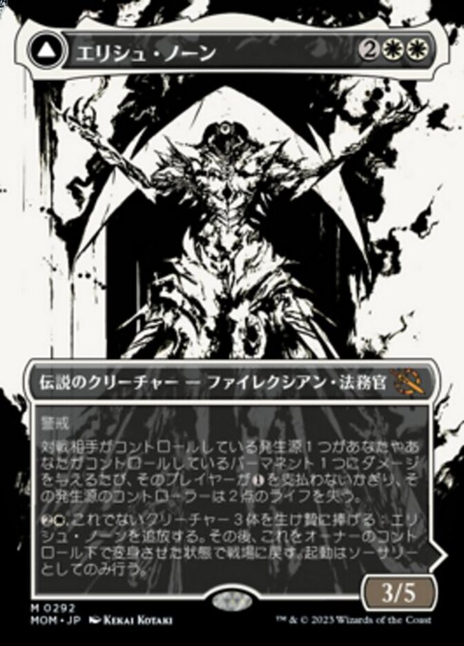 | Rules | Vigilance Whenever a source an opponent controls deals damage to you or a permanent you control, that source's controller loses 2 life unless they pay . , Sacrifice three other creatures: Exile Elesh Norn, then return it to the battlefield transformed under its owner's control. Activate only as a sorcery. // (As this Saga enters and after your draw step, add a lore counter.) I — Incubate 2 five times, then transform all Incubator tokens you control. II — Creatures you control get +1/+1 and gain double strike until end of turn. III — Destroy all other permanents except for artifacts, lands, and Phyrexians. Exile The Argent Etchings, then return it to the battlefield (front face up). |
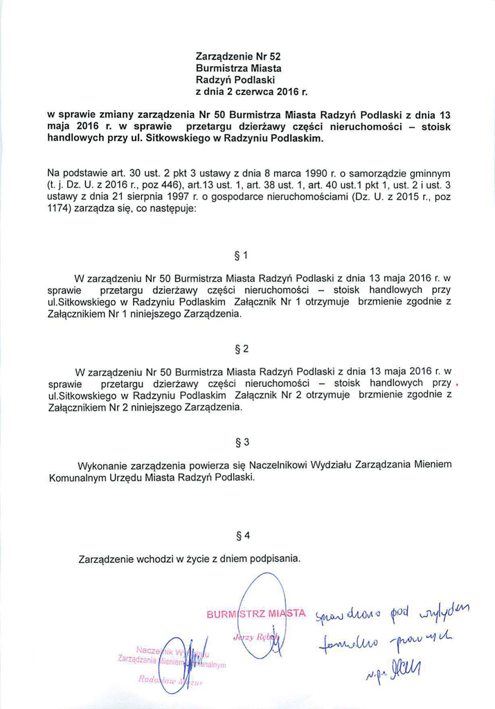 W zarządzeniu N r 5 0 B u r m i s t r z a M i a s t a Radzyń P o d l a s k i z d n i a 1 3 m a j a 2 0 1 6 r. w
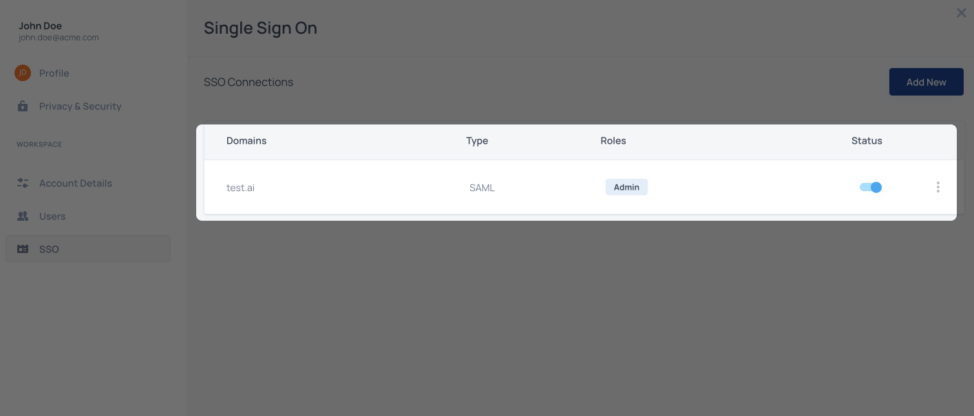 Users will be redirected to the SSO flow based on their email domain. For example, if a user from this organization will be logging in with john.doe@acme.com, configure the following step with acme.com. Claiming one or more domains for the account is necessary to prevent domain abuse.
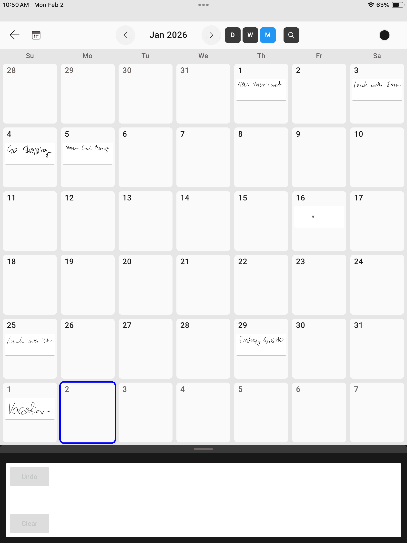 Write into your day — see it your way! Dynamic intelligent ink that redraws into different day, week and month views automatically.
==
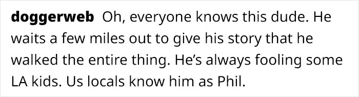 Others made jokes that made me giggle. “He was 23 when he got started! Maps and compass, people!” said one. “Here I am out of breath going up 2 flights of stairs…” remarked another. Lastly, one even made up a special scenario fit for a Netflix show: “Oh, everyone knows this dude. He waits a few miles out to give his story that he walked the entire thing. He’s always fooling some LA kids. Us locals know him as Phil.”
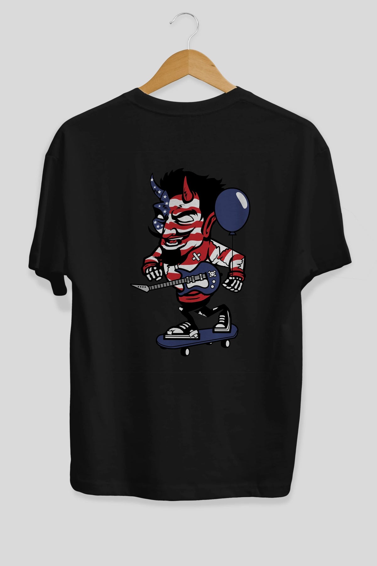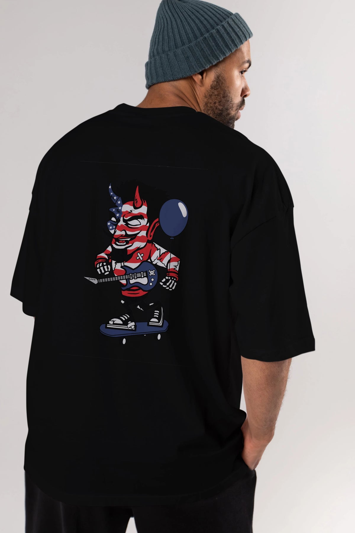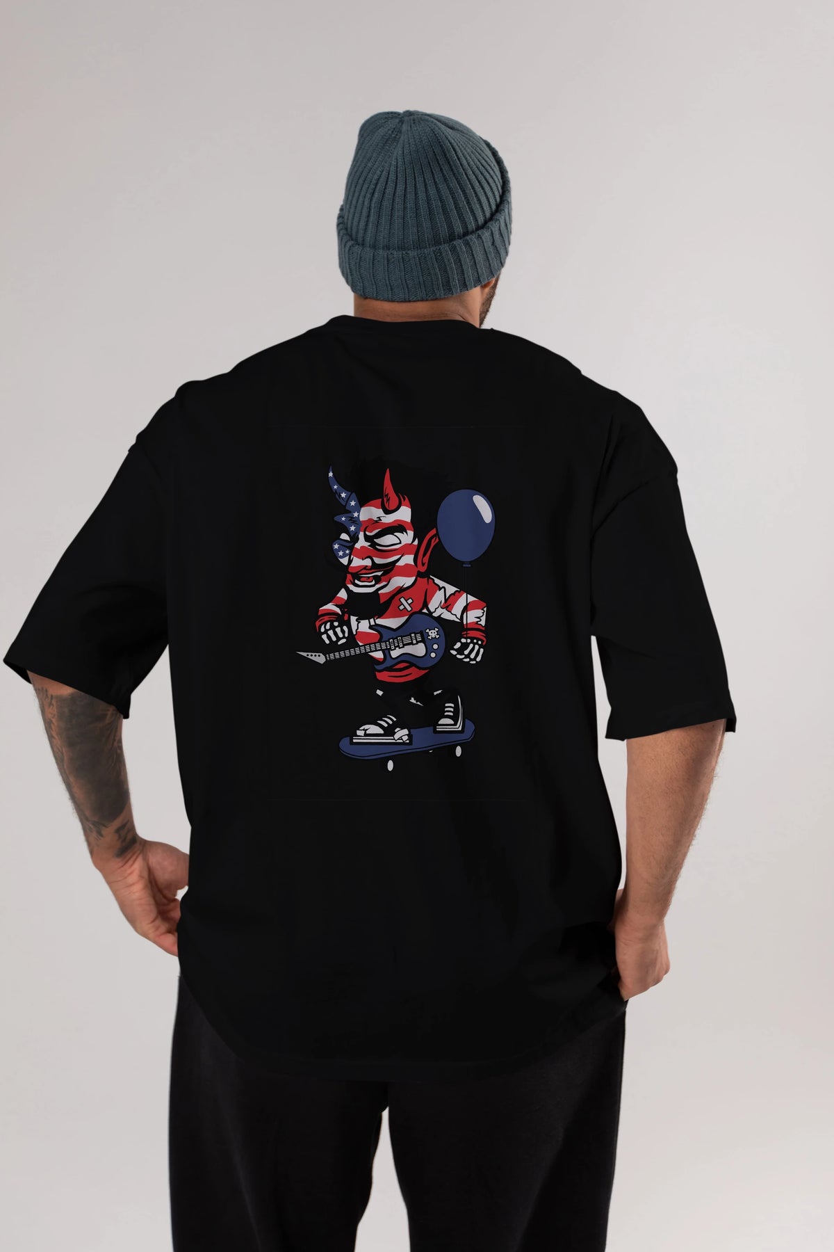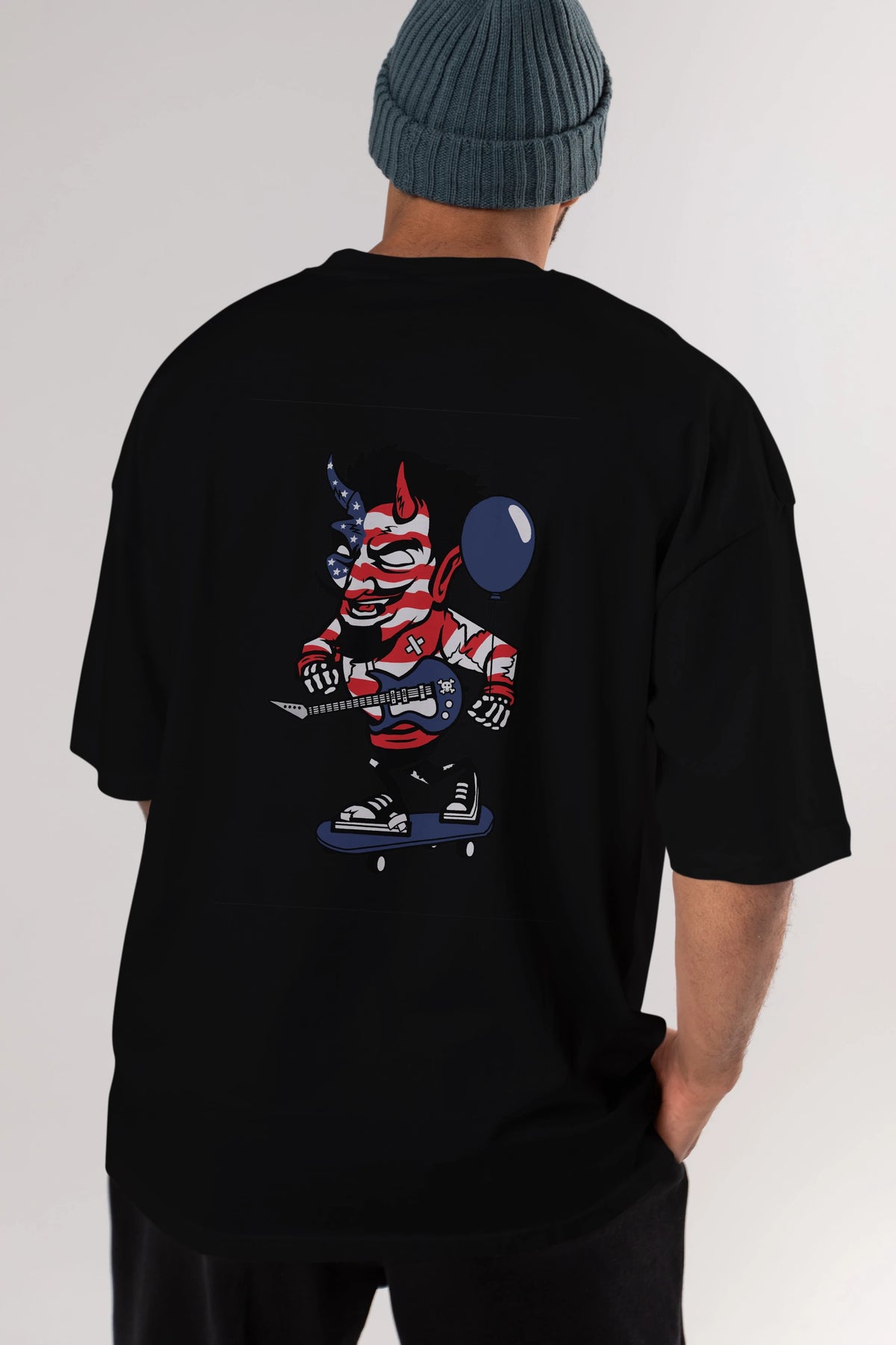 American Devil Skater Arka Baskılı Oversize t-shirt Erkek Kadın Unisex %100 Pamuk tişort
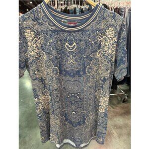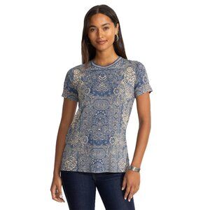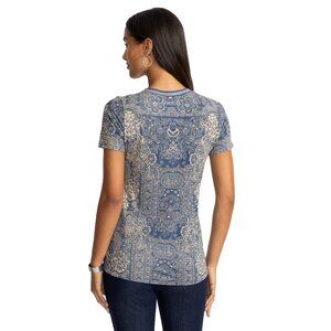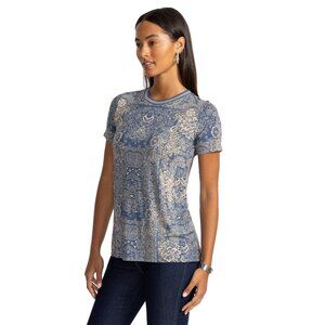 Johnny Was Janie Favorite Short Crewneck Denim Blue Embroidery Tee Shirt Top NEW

» **Task to carry out**: Nothing but the lines from the one with "Users will be" to the one with "Write into your" above, both included, should be transcribed, exactly and without pictures.

» **Solution to this problem**:
 Users will be redirected to the SSO flow based on their email domain. For example, if a user from this organization will be logging in with john.doe@acme.com, configure the following step with acme.com. Claiming one or more domains for the account is necessary to prevent domain abuse.
 Write into your day — see it your way! Dynamic intelligent ink that redraws into different day, week and month views automatically.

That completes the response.